Yes, the tax/penalty hit was brutal. You wept. Better tears now, than at retirement, right? You bet.

You also ended up with four little income properties in a great region. You locked in historically low interest rates on all of ‘em. Around 5%, maybe a tic less. Long before you retired, you’d combined the properties’ cash flow with disposable after tax income from your job(s).

20 years pass and you’re 65 — ready to retire

It took you about 15 years to pay them off. It could’ve been a lot sooner, but you were pretty conservative with your income. In the immediate five years before retiring, the cash flow from properties now debt free, accumulated at approximately $75,000 annually. Much of that was tax sheltered. In other words, in the immediate five years prior to retiring, you stockpiled $250-300,000 in cash — after tax.

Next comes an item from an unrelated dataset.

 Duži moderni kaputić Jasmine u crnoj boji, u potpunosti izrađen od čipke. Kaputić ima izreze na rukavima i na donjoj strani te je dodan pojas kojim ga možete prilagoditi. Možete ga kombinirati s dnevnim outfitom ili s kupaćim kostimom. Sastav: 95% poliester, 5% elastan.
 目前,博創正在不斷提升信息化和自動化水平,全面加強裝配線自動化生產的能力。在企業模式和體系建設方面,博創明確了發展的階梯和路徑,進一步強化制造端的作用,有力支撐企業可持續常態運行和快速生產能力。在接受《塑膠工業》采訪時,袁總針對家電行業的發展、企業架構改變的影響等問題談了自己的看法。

Oh, and that income? It was projected to be the same in year 5, 10, 15, 20, and beyond as it was the day you acquired the units. The NOI is the same $75,000 it was 20 years earlier. They’re free ‘n clear of debt, so your net worth in these properties is a cool million bucks. We also assumed they’d never go up in value.

Let’s Review

In order to equal that in your 401k, you’d first have to get your invested cash in the stock market up to $1 million or so. You can’t afford many, if any losing years. Good luck with that. Then you’d hafta earn 7.5% — year in and year out. Not freakin’ likely in both cases. You simply aren’t gonna get there.

OR . . .

You gather your available capital, follow the above real estate investment scenario, and make retirement income of $75,000 a year, while sporting $1 million in equity. If you think the projection of flat rents for two decades along with no appreciation in value for the same 20 years isn’t conservative enough, I don’t know what to tell ya. In no 20 year period in our lifetimes has real estate values failed to go up, net. Nor have rents been anything but higher over the same stretch.

Either way, the guy/gal who goes for the real estate is almost guaranteed to retire with a relatively highly secure income — with a million dollar equity available if life makes it necessary. Leave your 401k in the rearview mirror and give your retirement a fighting chance. Remaining in the qualified plan will doom you to a life sentence, not a retirement.

The numbers are against you. It was planned that way. Don’t take the bait. Do what they don’t want you to do.